Methylmalonic Acidemia, cblA type, via the MMAA Gene

Cobalamin (Cbl or vitamin B12) is an important cofactor in homocysteine metabolism and in branched-chain amino acid and odd-chain fatty acid catabolism. A series of inherited inborn errors of cobalamin metabolism have been identified, designated cblA through cblJ. In cblA disorder, the vital cobalamin-dependent cofactor adenosylcobalamin (AdoCbl) cannot be produced. As a result, cblA disorder leads to elevated levels of methylmalonic acid in the blood (Fenton et al. 2014; Manoli et al. 2016).

Methylmalonic acidemia (MMA) is typically a severe disease with onset in infancy. Patients may present with lethargy, vomiting, hepatomegaly, acidosis, hypoglycemia and neutropenia. Many patients die in childhood; those that survive often experience neurological and renal complications. Milder forms of the disease are also known. Today, many cases are detected through routine neonatal screening with tandem mass spectrometry (Fenton et al. 2014; Manoli et al. 2016).
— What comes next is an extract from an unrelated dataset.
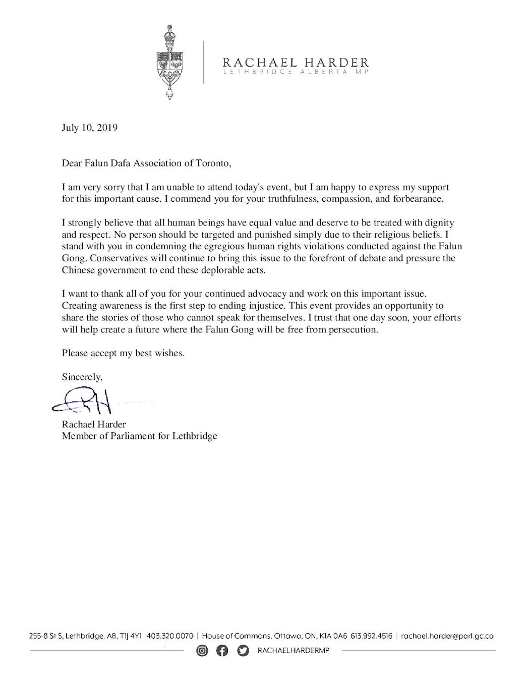 来自亚伯塔省的国会议员哈德(Rachael Harder)在支持信中说:“我很遗憾无法参加今天的活动,但我很高兴地表达我对这一重要事业的支持。我赞扬你们的真、善、忍。”

AdoCbl is the cofactor for methylmalonyl-CoA mutase, which is encoded by the MUT gene. In addition to defects in the MUT gene itself, MMA can be caused by defects in genes that encode proteins involved in the generation of AdoCbl. MMA caused by defects in genes other than MUT are generally referred to as cbl types of MMA. Thus far, three distinct genetic variants of cbl type MMA have been identified: cblA, cblB and cblD variant 2 (Martinez et al. 2005; Fenton et al. 2014). Of these three variants, cblA type MMA has the most favorable clinical outcome (Fenton et al. 2014; Manoli et al. 2016), and is thought to be caused by defective mitochondrial transport of cbl (Yang et al. 2004). CblA patients may be responsive to treatment with vitamin B12 (Manoli et al. 2016).

Methylmalonic acidemia cblA type is an autosomal recessive disease. The MMAA gene on chromosome 4 encodes a protein that is thought to play a role in transport of adenosylcobalamin (AdoCbl) into the mitochondria (Yang et al. 2004; Fenton et al. 2014). Over 40 causative MMAA sequence variants have been reported to date (Lerner-Ellis et al. 2004; Human Gene Mutation Database). Of these, approximately two-thirds are missense and nonsense, although splicing variants, small deletions and insertions and one gross deletion have been reported as well (Human Gene Mutation Database). Variants are spread throughout the MMAA gene, with the most commonly reported variant being the nonsense variant p.Arg145*. This variant has been reported to account for over 40% of causative variants in some patient cohorts (Lerner-Ellis et al. 2004).

The MMAA gene product is thought to be required for transport of cbl into mitochondria where adenosylcobalamin synthesis occurs (Yang et al. 2004; Fenton et al. 2014).

Martinez et al. (2005) evaluated 25 MMA patients and found MUT pathogenic variants in 13 patients, MMAA pathogenic variants in 7, and MMAB pathogenic variants in 2. Among 37 patients with biochemically diagnosed cblA type MMA, Lerner-Ellis et al. (2004) found two MMAA pathogenic variants in 95% of their cohort and a single pathogenic variant in the remaining 2 individuals. Dempsey-Nunez et al. (2012) found two MMAA pathogenic variants in ~92% of their cohort, a single pathogenic variant in ~6% and no pathogenic variants in the remaining patients. Thus, the clinical sensitivity of this test is quite high. The analytical sensitivity should also be high as the vast majority of MMAA pathogenic variants that have been reported are detectable by direct sequencing.

Only a single gross deletion has been reported in the MMAA gene (Nizon et al. 2013). Therefore, the sensitivity of duplication/deletion testing for this rare disorder, although not precisely known, is low.

This test provides full coverage of all coding exons of the MMAA gene plus 10 bases of flanking noncoding DNA in all available transcripts along with other non-coding regions in which pathogenic variants have been identified at PreventionGenetics or reported elsewhere. We define full coverage as >20X NGS reads or Sanger sequencing. PGnome panels typically provide slightly increased coverage over the PGxome equivalent. PGnome sequencing panels have the added benefit of additional analysis and reporting of deep intronic regions (where applicable).

Dependent on the sequencing backbone selected for this testing, discounted reflex testing to any other similar backbone-based test is available (i.e., PGxome panel to whole PGxome; PGnome panel to whole PGnome).